:: Exercise goal ::
The reply should hold every line of the listing exactly, and none of its images.

:: Information provided ::
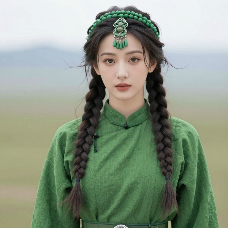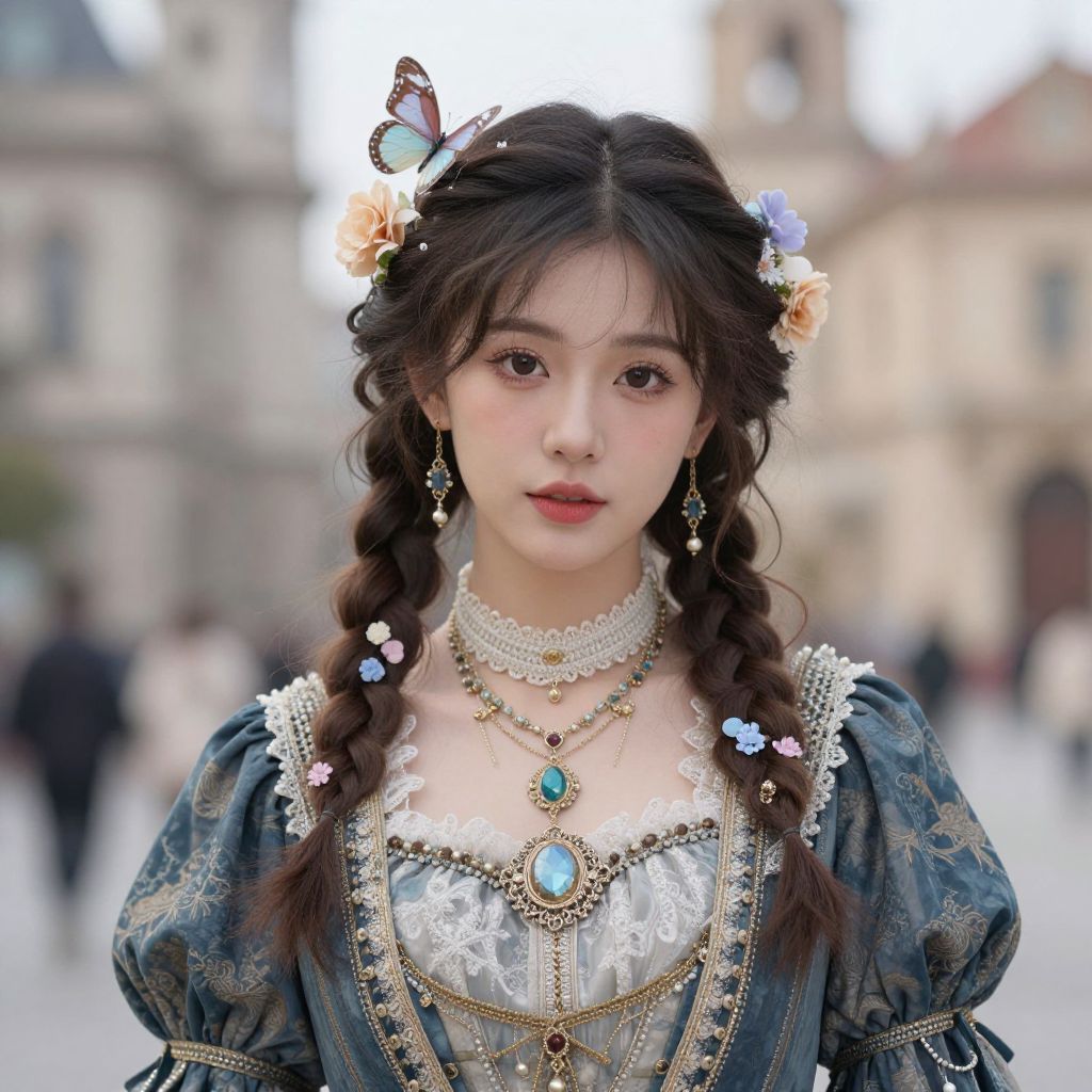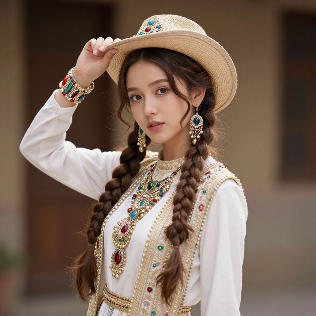 Rasputia costume, 1girl, solo, jewelry, earrings, braid, hat, long hair, bracelet, looking at viewer, long sleeves, brown hair
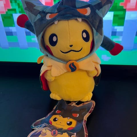 Gaveidé? 🎁 Utrolig søt og myk Pikachu bamse, kledd ut som Garchomp 🐉🤩
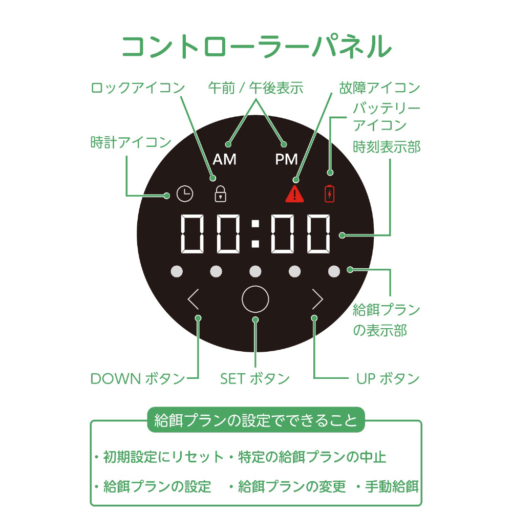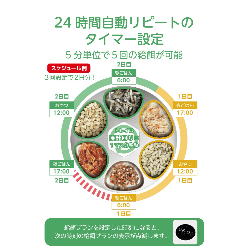 タイマーは5分単位で設定でき、最大5回給餌が可能。24時間サイクルで繰り返すので、毎日の食事管理も安心です。

:: Result for this exercise ::
 Rasputia costume, 1girl, solo, jewelry, earrings, braid, hat, long hair, bracelet, looking at viewer, long sleeves, brown hair
 Gaveidé? 🎁 Utrolig søt og myk Pikachu bamse, kledd ut som Garchomp 🐉🤩
 タイマーは5分単位で設定でき、最大5回給餌が可能。24時間サイクルで繰り返すので、毎日の食事管理も安心です。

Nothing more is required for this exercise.